Edit: The problem actually doesn't ask for the volume, so we don't need it. But the area of cross-section we computed in the unnecessary volume part is used in the work part.
Volume: Let $A(y)$ be the area of cross-section at "height" $y$. The cross-section is a circle of radius $x$, where $y=2(x^2-4)$. Note that when $x=0$ we have $y=-8$.
The area of cross-section is $\pi x^2$. Express this in terms of $y$. From $y=2(x^2-4)$ we find that $x^2=\frac{y}{2}+4$. So we want $\int_{-8}^0\pi\left(\frac{y}{2}+4\right)\,dy.$ I think we get $16\pi$.
Work: Take a slice of "thickness" $dy$ at level $y$, where $y$ goes from $-8$ to $0$. We want to lift this slice to height $y=4$, so through a distance $4-y$. (Note that $y$ will be negative throughout, so $4-y\gt 4$.)

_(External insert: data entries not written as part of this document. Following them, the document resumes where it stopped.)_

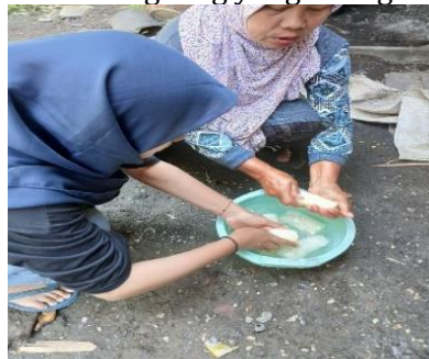
Gambar 5. Proses Pencucian Tape
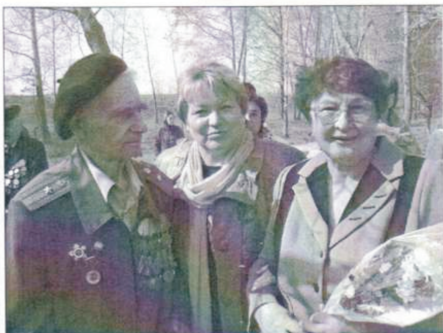
9 мая 2009 г.
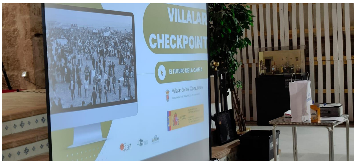
Presentación del proyecto Villalar Checkpoint
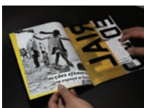
▼ No Limite Pedro Mato, Design de Comunicação
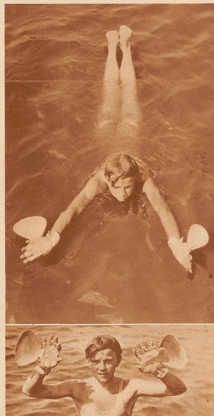
Eine neue Art zu schwimmen: Mit Schwimmhäuten, wie die Ente!

In diesem Sommer gibt es Schwimmhandschuhe, die genau wie die Schwimmhäute wirken, die manche Tiere zwischen den Zehen haben: sie verbreitern die Handflächen, mit denen man auf diese Weise mehr Wasser verdrängen kann; überdies sind an den Handschuhen noch tellerartige Flossen angebracht, ähnlich den Schwimfflossen der Fische. Der Mensch hat sich also das angeeignet, was die Natur den Fischen und den Schwimmvögeln verliehen hat, — er will es eben noch besser können als die Natur. — Aber fein schwimmen kann man mit solchen Handschuhen, das könnt ihr mir glauben, und sogar Nichtschwimmer können sich über Wasser halten.
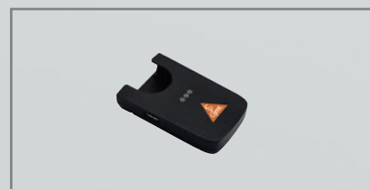
Boîtier de chargement CC1 [02]
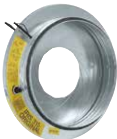
Registro a Iride
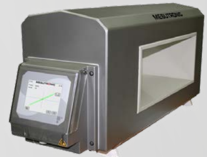
METRON tunneldetectorkop voor nauwkeurige detectie van alle ferro en non-ferro metalen delen
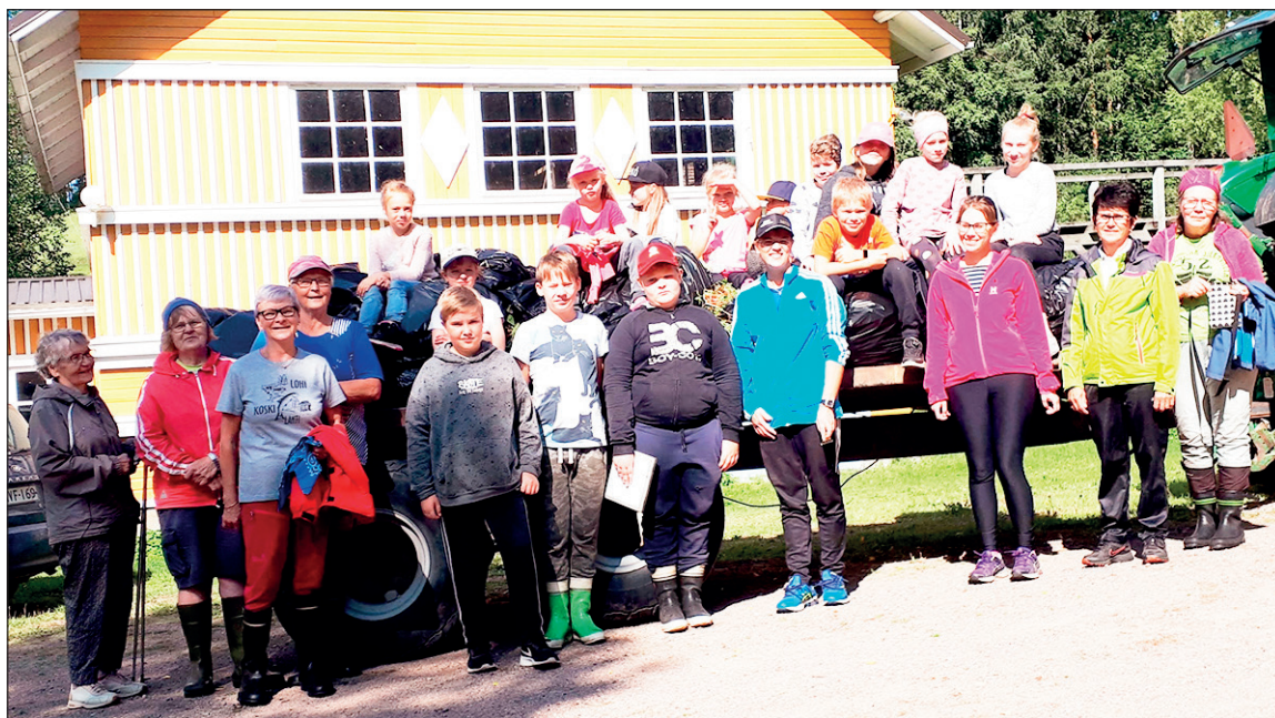
Palkitut talkoolaiset. Jättipalsamia kitkettiin noin 40 jätesäkkillistä. Ne poltettiin Lohilahden kossessa. Näin siemenet eivät enää pääse leviämään.

Lähistöllä on myös valtakunnallisesti arvokas perinnebiotooppi
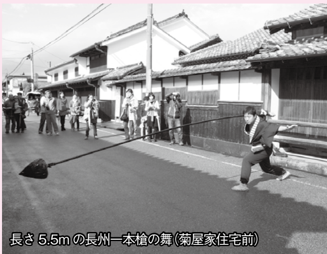
長さ 5.5m の長州一本槍の舞(菊屋家住宅前)

でしたが昼前に雨もあがり、午後には中央公園から金谷神社を目指して、古萩町大名行列、平安古備組をはじめとする「時代パレード」が行われました。雨のため中止となった団体もありましたが、4万2000人の人出で賑わい、各地で江戸時代にタイムスリップしたかのような歴史絵巻が展開されました。来年は奇兵隊結成150年を迎えることから、今年は奇兵隊ゆかりの地である下関市と萩市の連携イベントの第1弾として、下関市民ミュージカルの会の皆さんが参加。奇兵隊に扮したミュージカルでまつりに華を添えました。
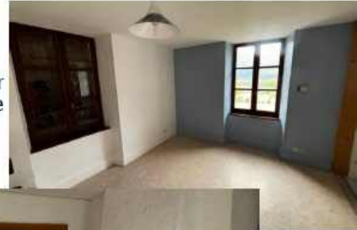
25 avril Chantier peinture de la cantine terminé
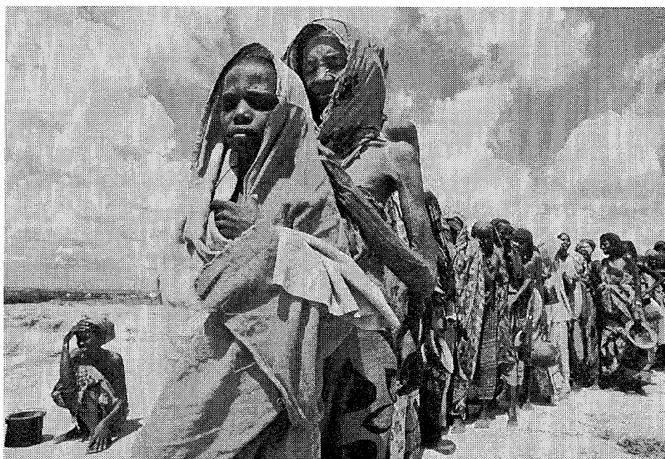
Somaliens dans l'attente d'une distribution de l'aide alimentaire, en 1992. Au-delà d'une répartition équitable des ressources alimentaires dans le monde, les partisans de la décroissance prônent une politique volontariste de réduction des naissances dans le monde par la généralisation du droit à l'avortement, de l'éducation sexuelle, des moyens contraceptifs.

de la Raison, il y a le rejet des Lumières et de l'idée même que puissent être construits des droits universels.
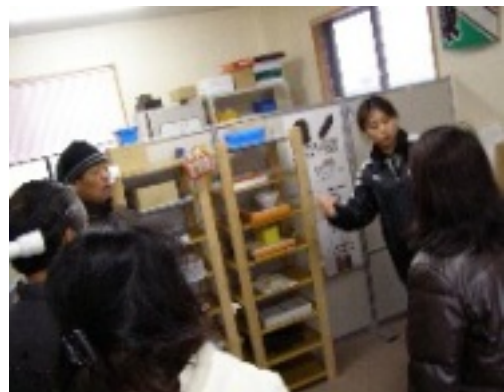
メンバーによって作業の仕方も変わると話す指導員さん
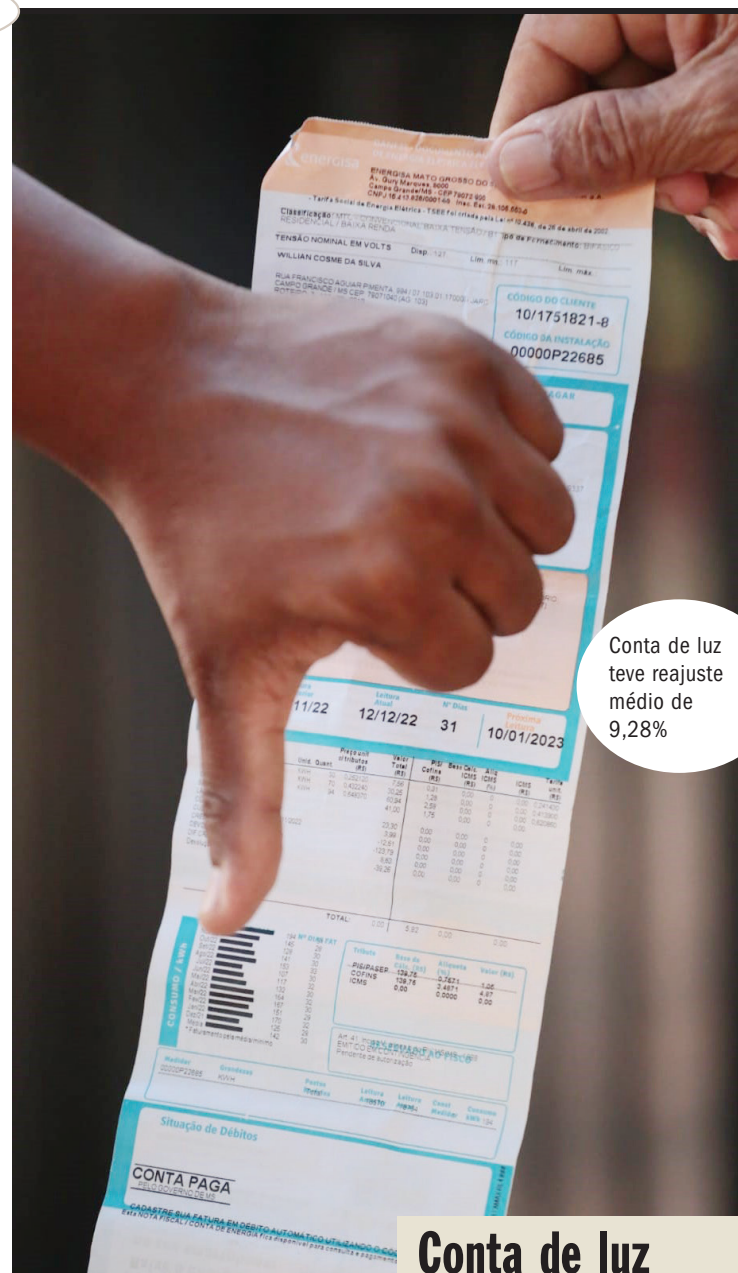
Conta de luz teve reajuste médio de 9,28%

O economista Eugênio Pavão detalha o cenário econômico de Campo Grande, diante da alta da inflação, influenciada pela mudança na conta de energia elétrica.
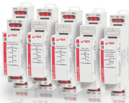
Przekaźniki instalacyjne RPI
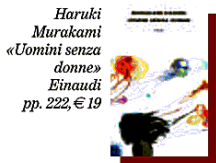
Haruki Murakami «Uomini senza donne» Einaudi pp. 222, € 19

Ogni tanto sento il bisogno di perdersi per qualche ora nella prosa di quest'uomo. Mi fa viaggiare in luoghi lontanissimi che si trovano tutti dentro di me
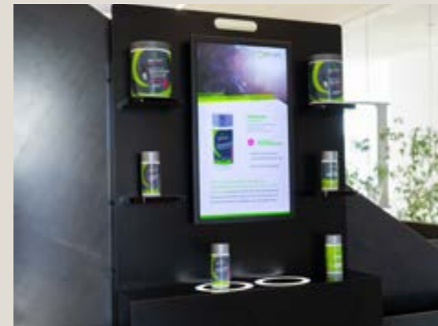
INTERAKTIVER POINT OF SALE

Im Digital Signage-Bereich als auch bei interaktiven Displays werden Lösungen verlangt, die mehr können, als nur eine PowerPoint-Präsentation anzuzeigen. Der Markt passt sich diesen veränderten Anforderungen an, Displays werden immer intelligenter. Wir entwickeln individuelle Lösungen für den Point of Sale.
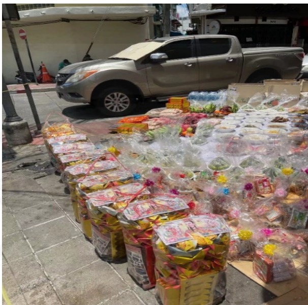
ภาพที่ 45 การอุทิศชุดกระดาษไหว้ดวงวิญญาณแก่ผีไร้ญาติ

ที่มา: LU XIAOHUI (ดวงกลม) ถ่ายเมื่อวันที่ 22 สิงหาคม 2564 ที่ชุมชนเจริญไชย ย่านเยาวราช
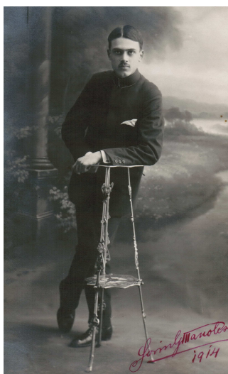
În uniforma Școalei de Comerț din Craiova (1914). Editura Fotografia Artistică M. K. Dudinsky, Craiova.
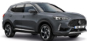
Magic Grey (metallic)
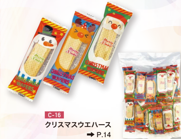
C-16 クリスマスウエハース → P.14

サクッと軽い歯触りが特徴の ウエハースにクリームをサンドした、 クリスマスデザインです。
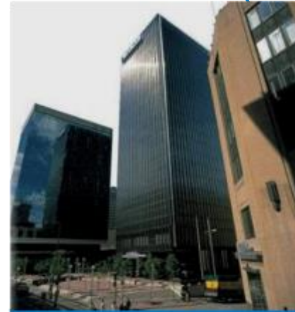
Global Headquarters St. Paul, MN

15 R&D centros de innovación a nivel mundial
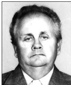
PÁLINKÁS Imre (1932–2011)

Bennünk él egy arc, egy meleg tekintet, egy simogató kéz, egy sóhaj, egy lehelet. Bennünk él a múlt, egy végtelen szeretet, amit tőlünk soha senki el nem vehet.
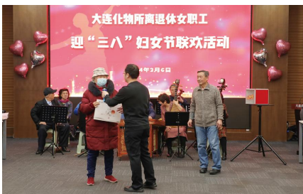
现场抽奖一等奖获得者
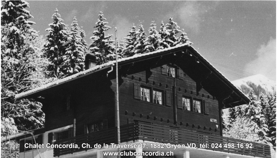
Chalet Concordia, Ch. de la Traverse 37, 1882 Gryon VD, tél: 024 498 16 92. www.clubconcordia.ch
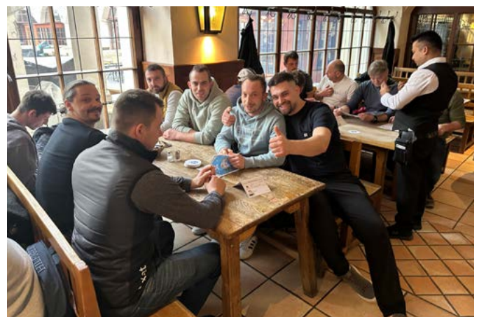
Das gemeinsame Feiern stärkt den Zusammenhalt der Fox-Teams – hier ging es ins Hofbräuhaus.
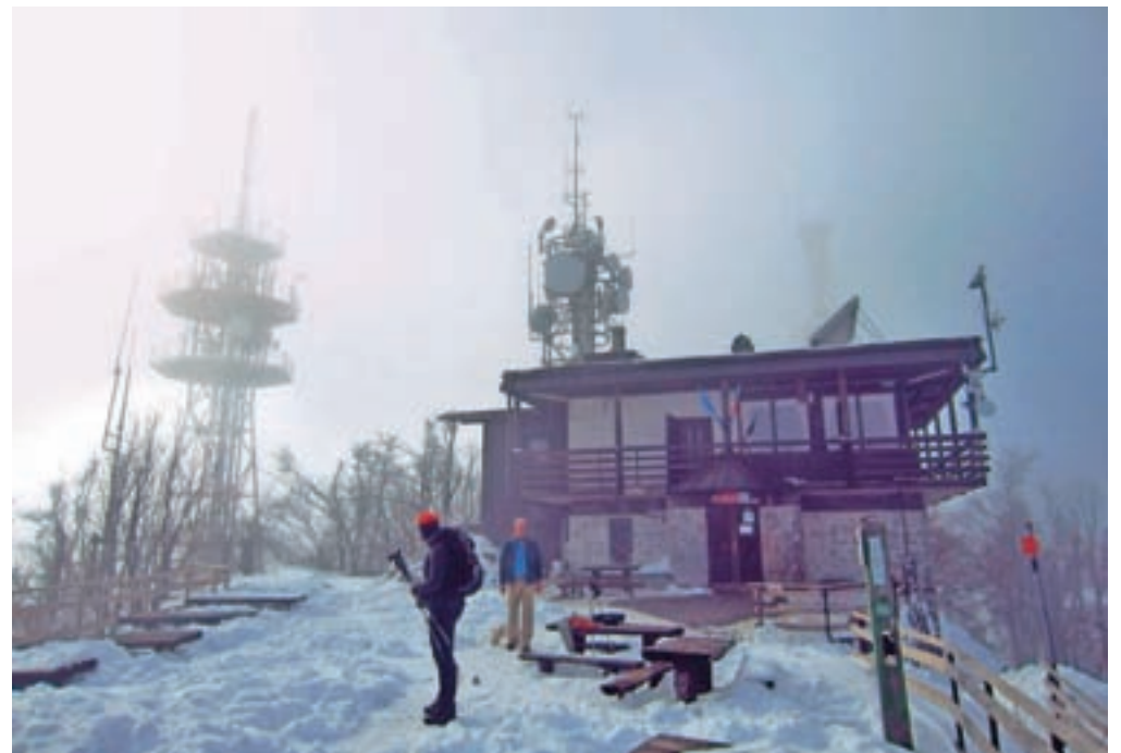
Vrh Krima s planinskim domom
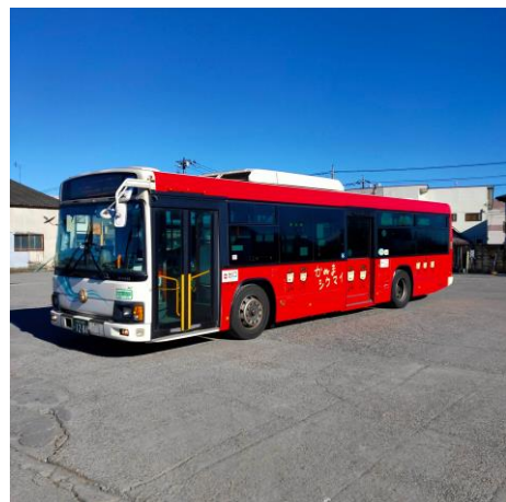
シウマイ餃子ラインラッピングバス
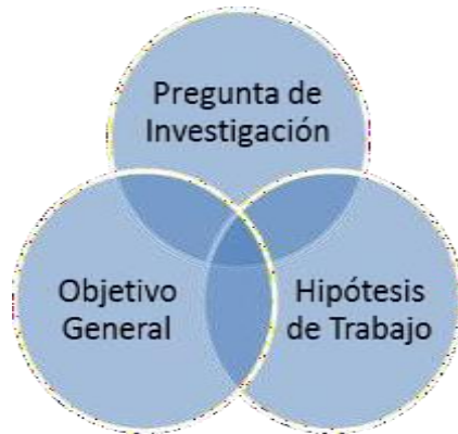
Figura 1. Los Elementos Triuno de la Investigación

contexto de estudio, en donde la formulación de la pregunta de investigación debe averiguar el ¿cómo?; mientras que el objetivo general describe el ¿qué?, el para qué? y finalmente el ¿a través de qué?, para que la hipótesis del trabajo establezca una suposición positiva u optimista sobre el planteamiento establecido.
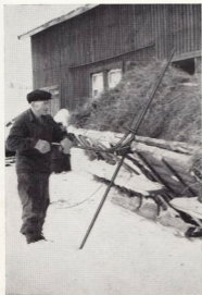
Tipping av lass.
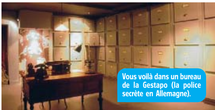
Vous voilà dans un bureau de la Gestapo (la police secrète en Allemagne).
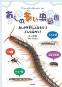
『あしの多い虫図鑑』 小野展嗣著 鈴木知之写真

昆虫ではない虫、つまり、あしが8本以上ある虫だけを100種類近く紹介する、世界初、あしの多い虫図鑑。
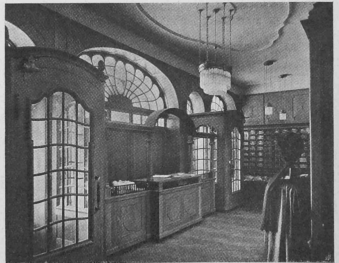
Abb. 5. Kassa im Geschäftsraum des Hauses «Au Bon Marché» zwischen den beiden Eingangstüren

Jedenfalls entwickelte sich von allen Werken des Ingenieurs am ehesten die Maschine zu einem reinen Stil, der am Beginn des laufenden Jahrhunderts so gut durchgebildet dastand, dass es üblich wurde, die sogenannte Schönheit der Maschine zu bewundern und in ihr gewissermassen die ausgeprägteste Erscheinung einer modernen Stilbildung zu erblicken. In modernen Kunstbetrachtungen spielt seit etwa zehn Jahren diese Schönheit der Maschine, an die sich gewöhnlich Betrachtungen über die sogenannte reine Zweckform knüpfen, eine gewichtige Rolle. (Schluss folgt.)
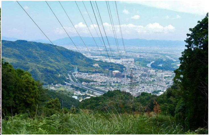
下山口より天王山方向
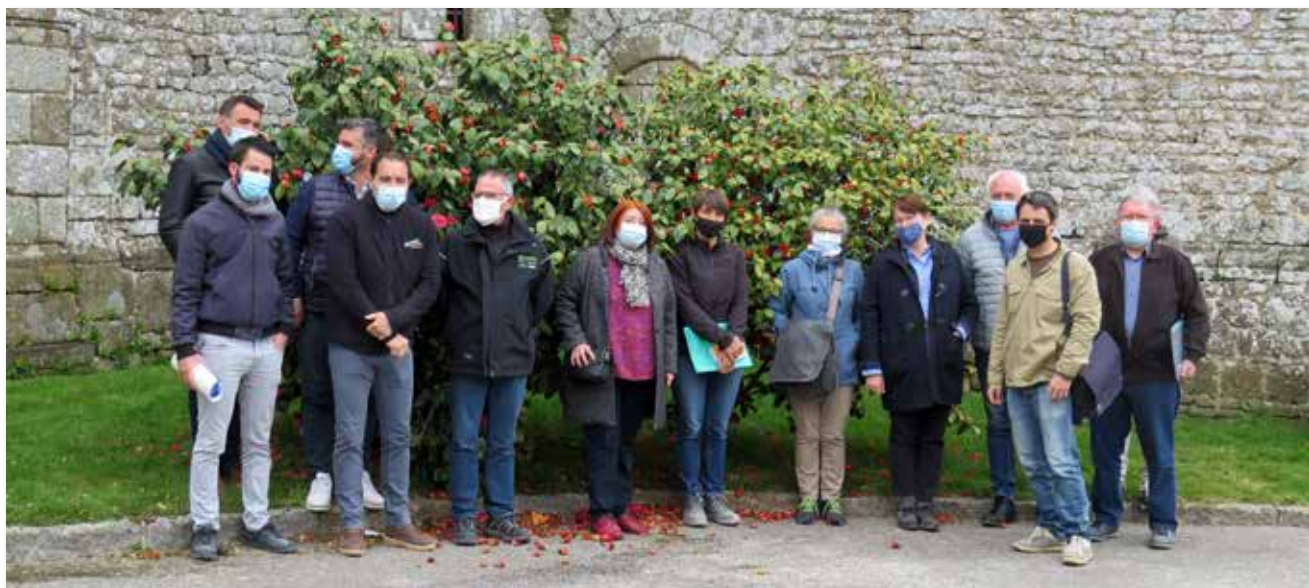
1 ère réunion de chantier - Rénovation de l'église

The volume of the slice is the area of cross-section times $dy$. By our previous work, the area of cross-section is $\pi\left(\frac{y}{2}+4\right)$. So the total work done is $\int_{-8}^0 K(4-y)\pi\left(\frac{y}{2}+4\right)\,dy,$ where $K$ is a constant that depends on the units used, and the value one uses for $g$.